For a moment he looked at the astonished girl in silence, and then he said: “Miss Dearborn, it’s of no use for me to try to hide what I feel. If I hadn’t got so angry I might have been able to keep quiet, but I can’t do it now. If that man thinks he loves you, his love is like a grain of sand compared to mine.”

“Yours?” cried Margery.

“Yes,” said Martin, his face pallid and his eyes sparkling, “mine. You may think it is an insult for me to talk this way, but love is love, and it will spring up where it pleases; and besides, I am not the common sort of a fellow you may think I am. After saying what I have said, I am bound to say more. I belong to a good family, and am college bred. I am poor, and I love nature. I am working to make money to travel and become a naturalist. I prefer this sort of work because it takes me into the heart of nature. I am not ashamed of what I am, I am not ashamed of my work, and my object in life is a nobler one, I think, than the practice of the law, or a great many other things like it.”

Margery stood and looked at him with wide-open eyes. “Do you mean to say,” she said, “that you want to marry me? It would take years and years for you to become naturalist enough to support a wife.”

“I have made no plans,” he said, quickly, “I have no purpose. I did not intend to tell you now that I love you, but since I have said that, I will say also that with you to fight for there could be no doubt about my success. I should be bound to succeed. It would be impossible for me to fail. As for the years, I would wait, no matter how many they should be.”

He spoke with such hot earnestness that Margery involuntarily drew herself a little away from him. At this the flush went out of his face.

“Oh, Miss Dearborn,” he exclaimed, “don’t think that I am like that man out there! Don’t think that I will persecute you if you don’t wish to hear me; that I will follow you about and make your life miserable. If you say to me that you do not wish to see me again, you will never see me again. Say what you please, and you will find that I am a gentleman.”

She could see that now. She felt sure that if she told him she did not wish ever to see him again he would never appear before her. But what would he do? She was not in the least afraid of him, but his fierce earnestness frightened her, not for herself, but for him. Suddenly a thought struck her.

“Martin,” said she, “I don’t doubt in the least that what you have said to me about yourself is true. You are as good as other people, although you do happen now to be a guide, and perhaps after a while you may be very well off; but for all that you are a guide, and you are in Mr. Sadler’s employment, and Mr. Sadler’s rights and powers are just like gas escaping from a pipe: they are everywhere from cellar to garret, so to speak, and you couldn’t escape them. It would be a bad, bad thing for you, Martin, if he were to hear that you make propositions of the kind you have made to the ladies that he pays you to take out into the woods to guide and to protect.”

Martin was on the point of a violent expostulation, but she stopped him.
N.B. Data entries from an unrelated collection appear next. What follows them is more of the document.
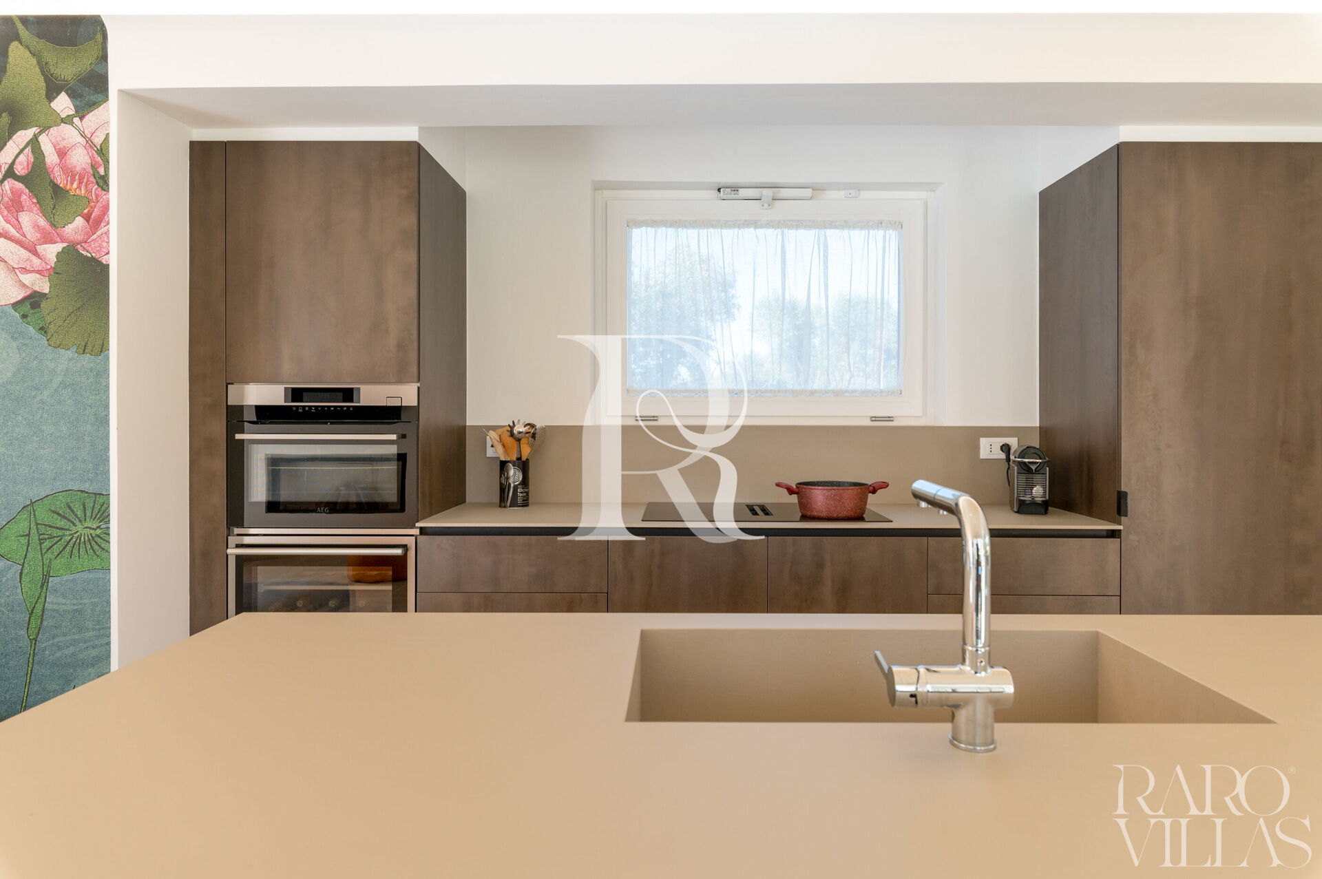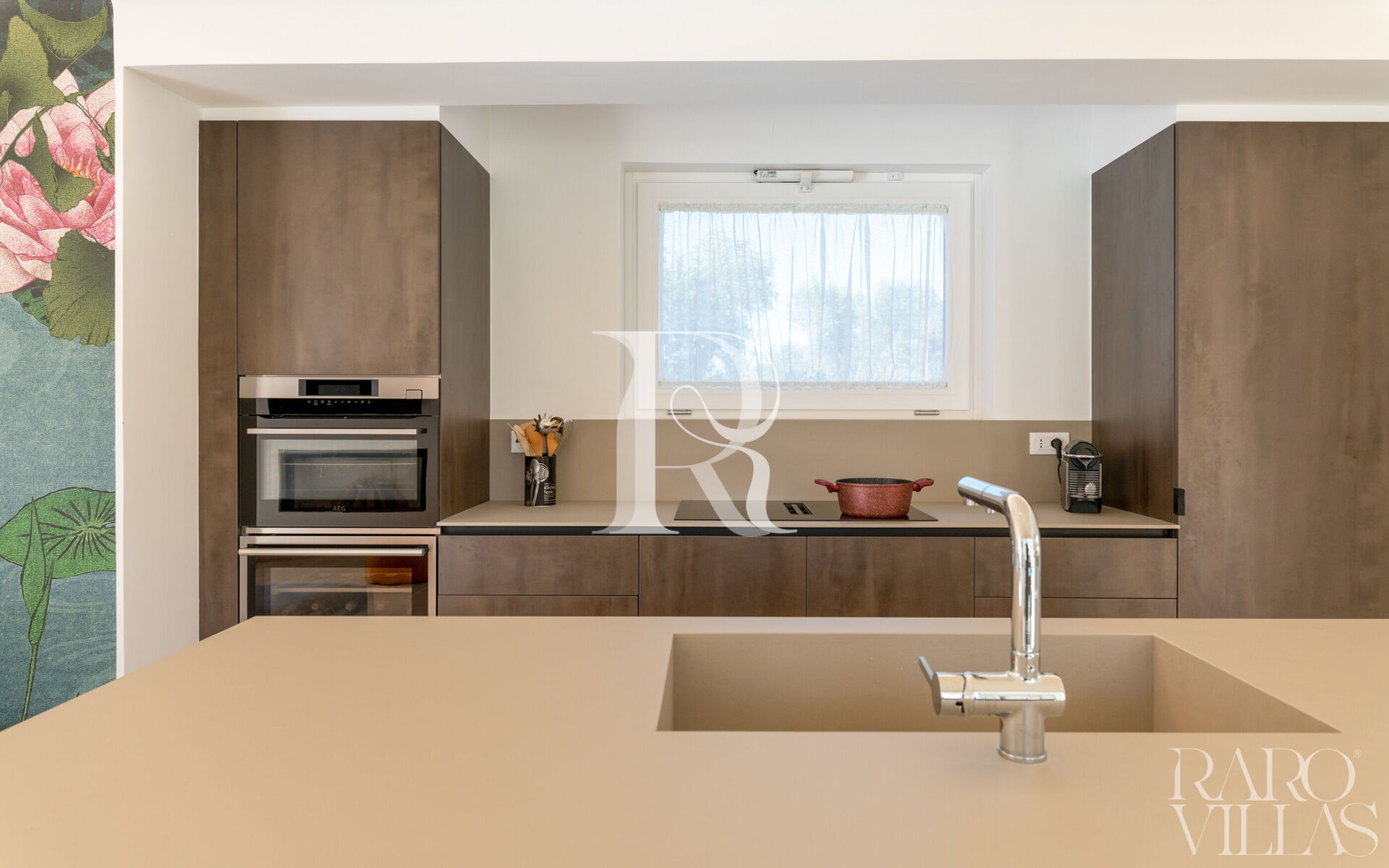 - Cucina a vista con isola centrale, completamente attrezzata (forno, frigorifero, lavastoviglie, stoviglie, cantinetta dei vini).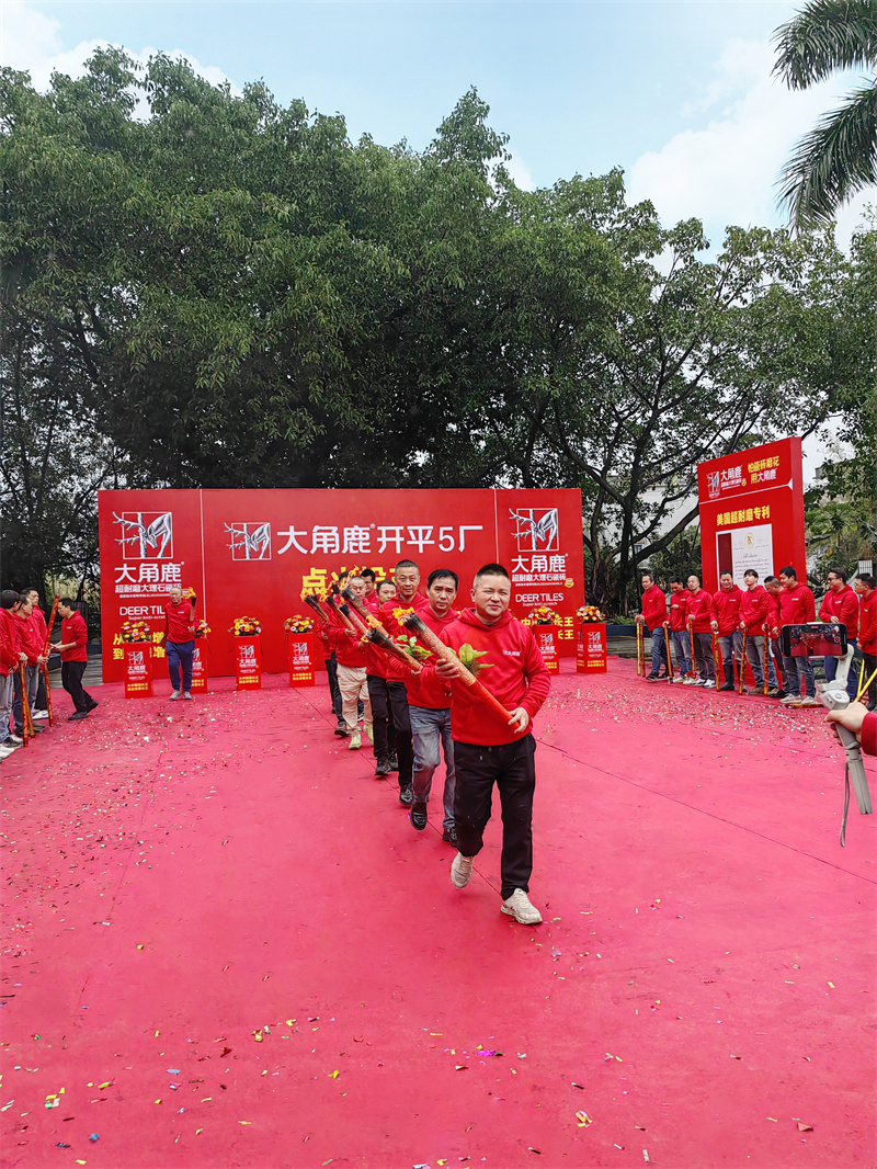 红红火火 产销两旺!在熊熊炉火和鞭炮声中,大角鹿开平5厂正式点火投产。大角鹿创始人南顺芝鼓励全体员工全力以赴,努力奋斗,让大角鹿瓷砖从中国增长王到全球增长王。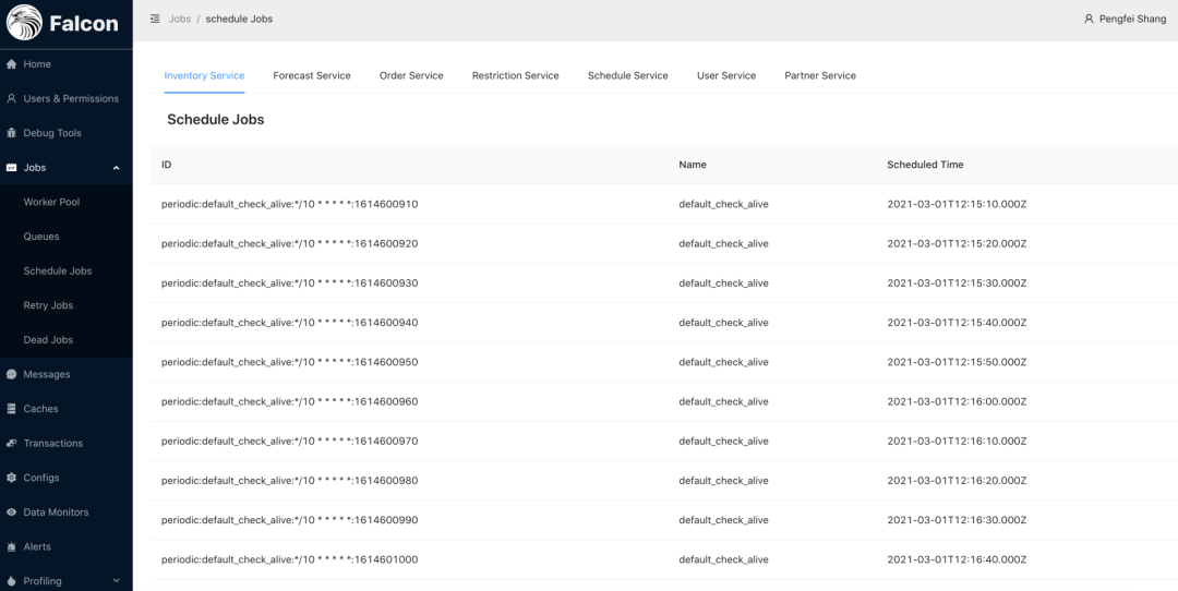 针对这一痛点,我们在 Falcon 中构建了后台任务的可视化模块,提供 5 个方面的内容:Worker Pool, Queue, Scheduled Job, Retry Job, Dead Job. 用户可以查看到正在执行的任务有哪些,队列中已有哪些任务,将要执行的定时任务分别安排在了什么时间,重新过的任务是哪些,哪些任务执行失败了等等。例如下图中展示了 Inventory Service 中每 10 秒执行一次的 default_check_alive 任务的排期情况。

“Now I know what you are going to say,” she exclaimed, “but it isn’t of any use. You are in his employment, and you are bound to honor and to respect him; that is the way a guide can show himself to be a gentleman.”

“But suppose,” said Martin, quickly, “that he, knowing my family as he does, should think I had done wisely in speaking to you.”

A cloud came over her brow. It annoyed her that he should thus parry her thrust.

“Well, you can ask him,” she said, abruptly; “and if he doesn’t object, you can go to see my mother, when she gets home, and ask her. And here comes Mr. Matlack. I think he has been calling you. Now don’t say another word, unless it is about fish.”

But Matlack did not come; he stopped and called, and Martin went to him.

Margery walked languidly towards the woods and sat down on the projecting root of a large tree. Then leaning back against the trunk, she sighed.

“It is a perfectly dreadful thing to be a girl,” she said; “but I am glad I did not speak to him as I did to Mr. Raybold. I believe he would have jumped into the lake.”